Top Ten Guitarist Jokes
It’s lighten-up day here at Pro Guitar Shop. We spent much of the morning sitting around the conference table, cracking wise about drummer jokes and bass player jokes (keep in mind that we have both of those on staff here at PGS!) and thought maybe we were being too kind to guitarists, who are certainly deserving of some teasing from time to time… after all, if you can’t take a joke, you shouldn’t take a solo.
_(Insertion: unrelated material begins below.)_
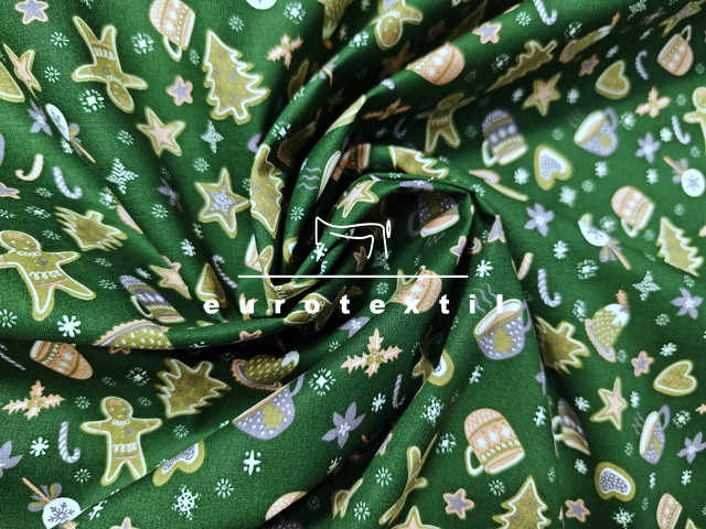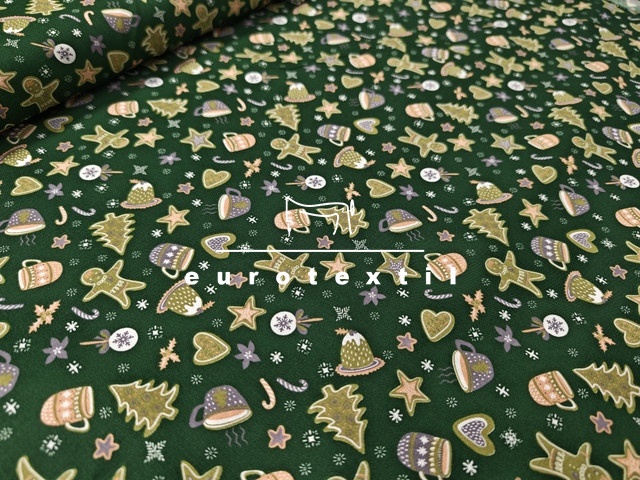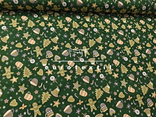 Sötét zöld alapon mézeskalács és csésze figurás mintával.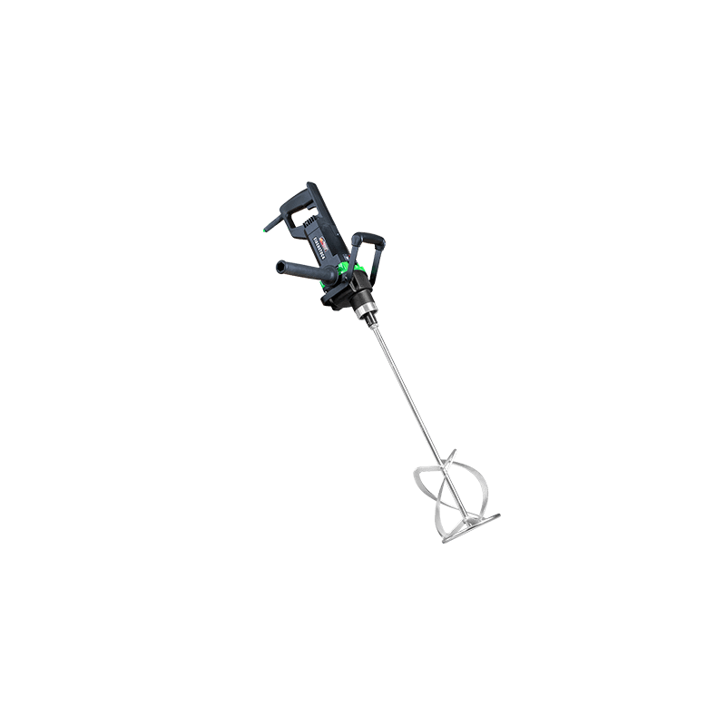 Potente motore da 2000 W Comodo per il trasporto, riduzione delle vibrazioni, antiscivolo, facile da posare, arco in metallo salvaspazio con impugnatura morbida Impugnatura laterale (utilizzabile su entrambi i lati, gestione sicura durante la miscelazione di materiale ad alta viscosità) Interruttore elettronico: regolazione continua della velocità per ridurre gli schizzi Facile da riparare: cambio facile delle spazzole di carbone Attacco della frusta diretto M14: trasmissione della potenza ottimale, elevata concentricità Fino a 80 kg

Let ‘em rip in the comments, people!
TOP TEN GUITARIST JOKES
Q: How many guitar players does it take to cover a Stevie Ray Vaughan tune?
A: All of them, evidently.
Q: What do you call a guitarist who breaks up with his girlfriend?
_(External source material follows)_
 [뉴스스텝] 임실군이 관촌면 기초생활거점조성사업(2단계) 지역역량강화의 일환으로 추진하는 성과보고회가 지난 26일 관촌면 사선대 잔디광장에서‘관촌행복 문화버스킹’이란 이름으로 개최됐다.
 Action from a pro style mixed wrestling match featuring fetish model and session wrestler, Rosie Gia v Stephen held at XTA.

Q: What do you call a successful guitarist?
A: A guy whose wife has 2 jobs.
Q: What do you say to a guitar player in a 3-piece suit?
A: “How do you plead? …”
Q: What’s black and blue and lying in a ditch?
A: A guitarist who’s told too many drummer jokes.
Q: How does a lead guitarist change a light bulb?
A: He holds it and the world revolves around him.
Q: How long does it take to tune a 12-string guitar?
A: Nobody knows.
Q: Why was the amplifier invented?
A: So the guitarist would have a place to put his beer.
Q: What did the blues guitarist’s tombstone read?
A: “I didn’t wake up this morning.”
Q: What’s the difference between a Lead Guitarist and a terrorist?
A: You can negotiate with a terrorist.